▸ TASK TO CARRY OUT
All the lines below should be set down exactly, with no picture carried into the copy.

▸ RECORDED INFORMATION

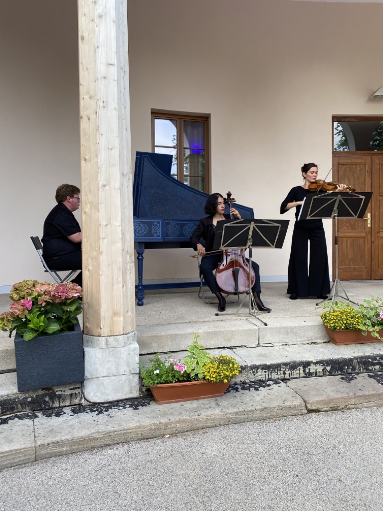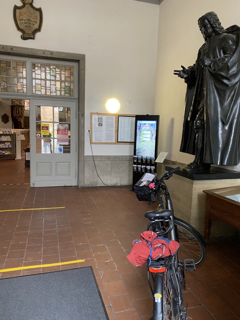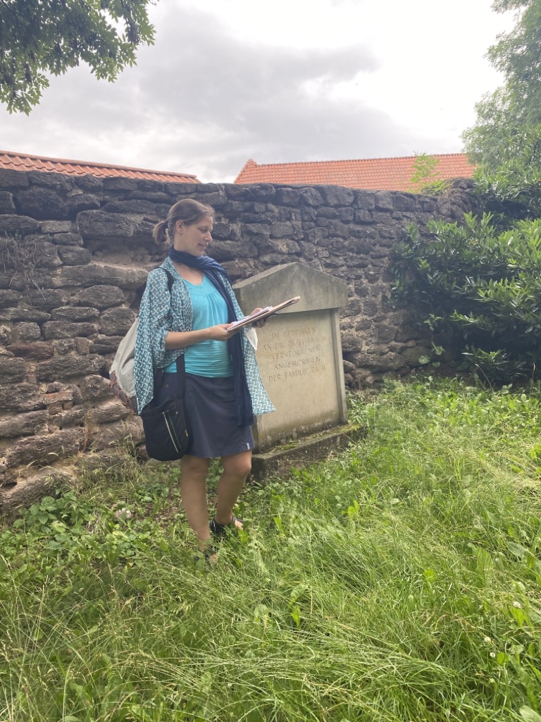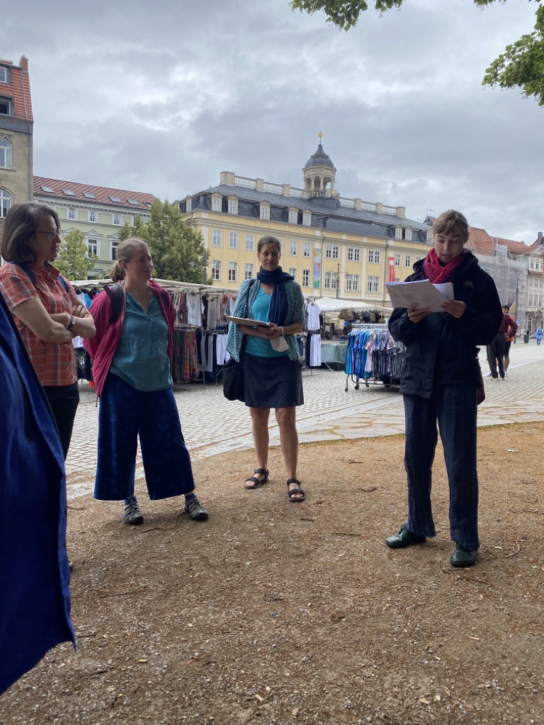 In Eisenach ging der junge Bach zur Latein-Schule, heute noch Gymnasium. Hier hörten wir im stimmungsvollen Innenhof vom Onkel des kleinen Sebastian seine nach Texten aus dem Hohelied komponierte ‚harmlos amouröse’ Motette ‚Meine Freundin, du bist schön!’. Sie führte uns in die barocken Familientreffen des Bach-Clans ein. Denn, wie wir noch bei unserem Besuch in Arnstadt hören werden (7.7.), legten die ‘Bache’ großen Wert auf ihre jährlichen Familientreffen mit deftigem feiern.. Auch ein Blick in den an der Stadtmauer gelegenen alten Stadtfriedhof belegt, dass hier in mehreren Generation ‚Bache‘ als Mütter, Stadtpfeiffer und Cantoren begraben sind und im Leben miteinander versippt waren.
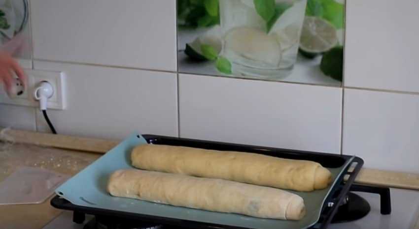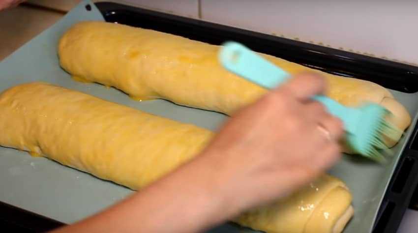 Сверните колбаску, загнув его концы, чтобы начинка не вытекла при выпекании. Выложите его на противень, смазанный растительным маслом. Все то же самое проделайте и со второй заготовкой.
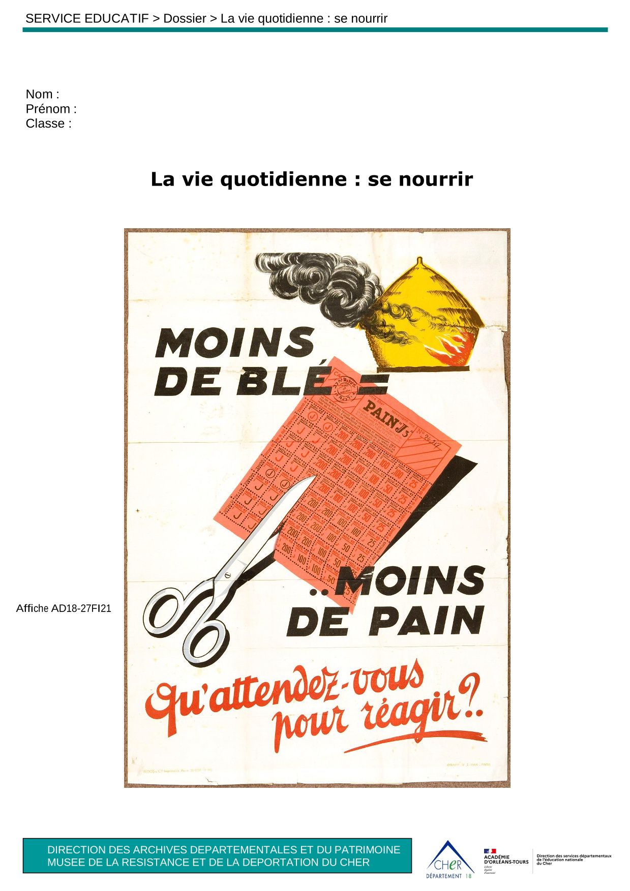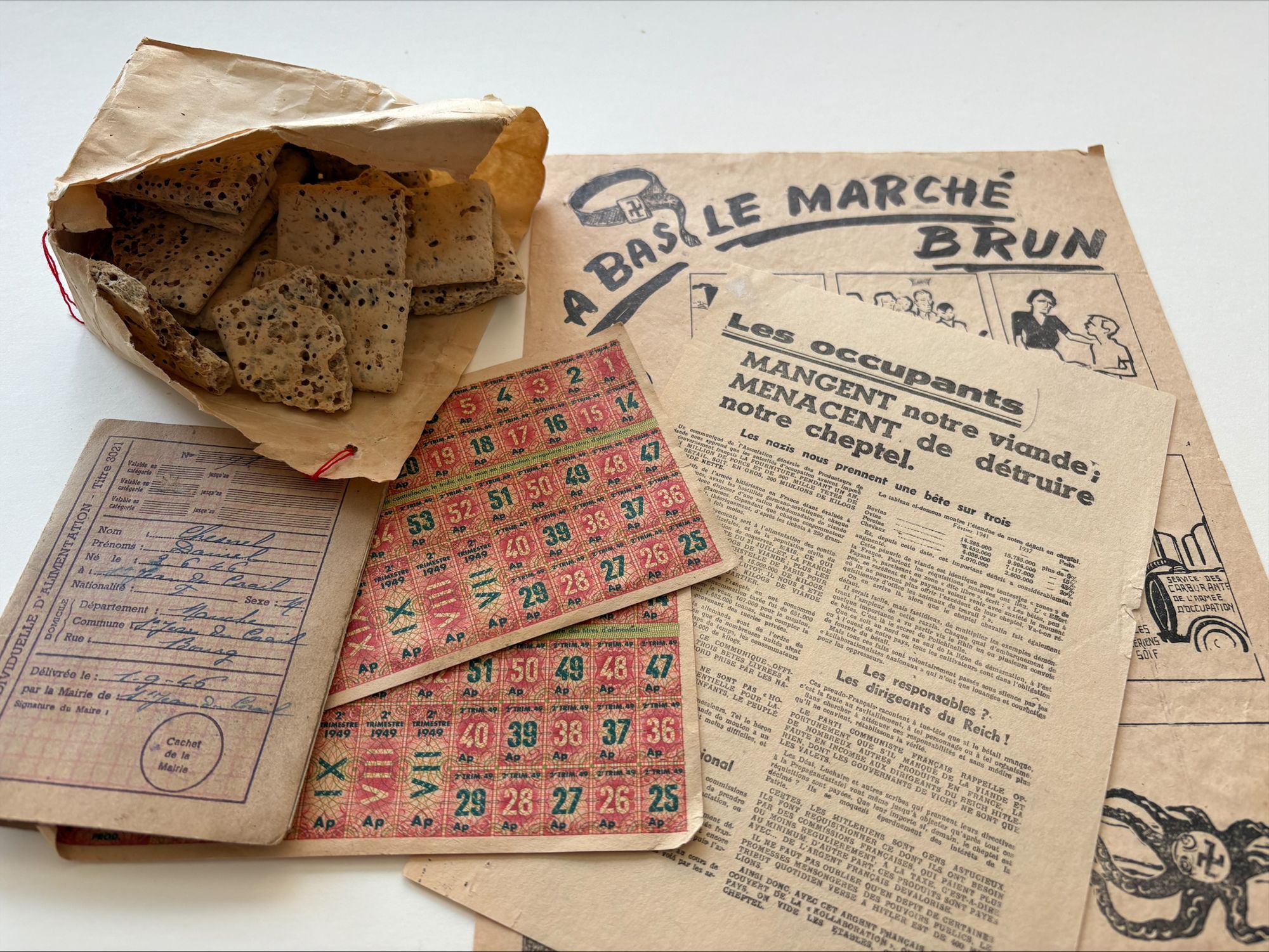 En analysant plusieurs documents d'archives, les élèves répondent à un questionnaire portant sur l’accès à la nourriture en temps de guerre, les mesures instaurées (les cartes de rationnement, le marché noir), l’impact de la ligne de démarcation et les restrictions imposées par le régime nazi.

▸ RESULT OF THE TASK
 In Eisenach ging der junge Bach zur Latein-Schule, heute noch Gymnasium. Hier hörten wir im stimmungsvollen Innenhof vom Onkel des kleinen Sebastian seine nach Texten aus dem Hohelied komponierte ‚harmlos amouröse’ Motette ‚Meine Freundin, du bist schön!’. Sie führte uns in die barocken Familientreffen des Bach-Clans ein. Denn, wie wir noch bei unserem Besuch in Arnstadt hören werden (7.7.), legten die ‘Bache’ großen Wert auf ihre jährlichen Familientreffen mit deftigem feiern.. Auch ein Blick in den an der Stadtmauer gelegenen alten Stadtfriedhof belegt, dass hier in mehreren Generation ‚Bache‘ als Mütter, Stadtpfeiffer und Cantoren begraben sind und im Leben miteinander versippt waren.
 Сверните колбаску, загнув его концы, чтобы начинка не вытекла при выпекании. Выложите его на противень, смазанный растительным маслом. Все то же самое проделайте и со второй заготовкой.
 En analysant plusieurs documents d'archives, les élèves répondent à un questionnaire portant sur l’accès à la nourriture en temps de guerre, les mesures instaurées (les cartes de rationnement, le marché noir), l’impact de la ligne de démarcation et les restrictions imposées par le régime nazi.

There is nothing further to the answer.